Die Frage ist halt warum du auf Opensource umsteigen willst?

Gruß


----------



## Dr Dau (2. November 2009)

Hallo!



iAZ hat gesagt.:


> Ich arbeite schon seit einiger Zeit mit Photoshop.....





iAZ hat gesagt.:


> GIMP kommt nicht infrage, weil ich da überhaupt nicht zurechtkomme....
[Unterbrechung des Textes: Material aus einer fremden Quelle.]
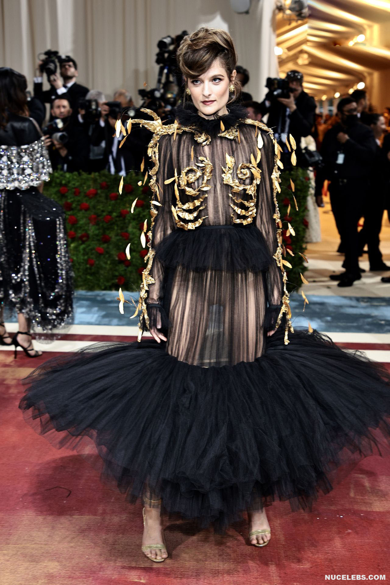 Louisa Johnson impressed everyone with her appearance at The 2022 Met Gala. And all because this British singer was dressed in a very unusual costume, which did not hide her naughty bits at all. For example, it was hard to tell if there were panties under her see-through black dress, or if Louisa Johnson’s pussy was completely nude. And although her dress was appliqued with golden monograms with flowers, they only partially covered Louisa Johnson’s nude boobs, which shone through.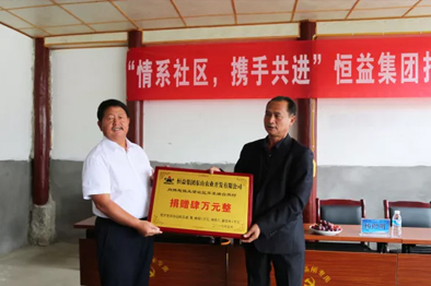 2018年6月1日,為增進(jìn)社區(qū)發(fā)展,提升社區(qū)公共場所相關(guān)配套設(shè)施,恒益集團(tuán)向騰越鎮(zhèn)玉璧社區(qū)芹菜塘自然村捐贈4萬元;

Und genau da liegt das Problem..... Du hast Dich zu sehr an Photoshop gewöhnt. 
GIMP ist ein mächtiges Programm mit ähnlichen Funktionsumfang wie Photoshop.
Aber..... GIMP wird anders bedient.
Ich musste auch schon oft genug googeln um in GIMP eine Funktion zu finden die ich in Photoshop fast mit geschlossenen Augen finde. 
Das Problem wird aber in den meisten Fällen auch bei anderen Programmen auftauchen.
Man muss also entweder dazu bereit sein umzulernen oder man bleibt beim Alten.

Man kann aber auch Photoshop und GIMP installieren.
Wenn es schnell gehen soll, dann nimmt man das Programm welches man schon kennt (Photoshop) und wenn man Zeit hat nimmt man das ungewohnte Programm (GIMP) und lernt es kennen. 

Gruss Dr Dau


----------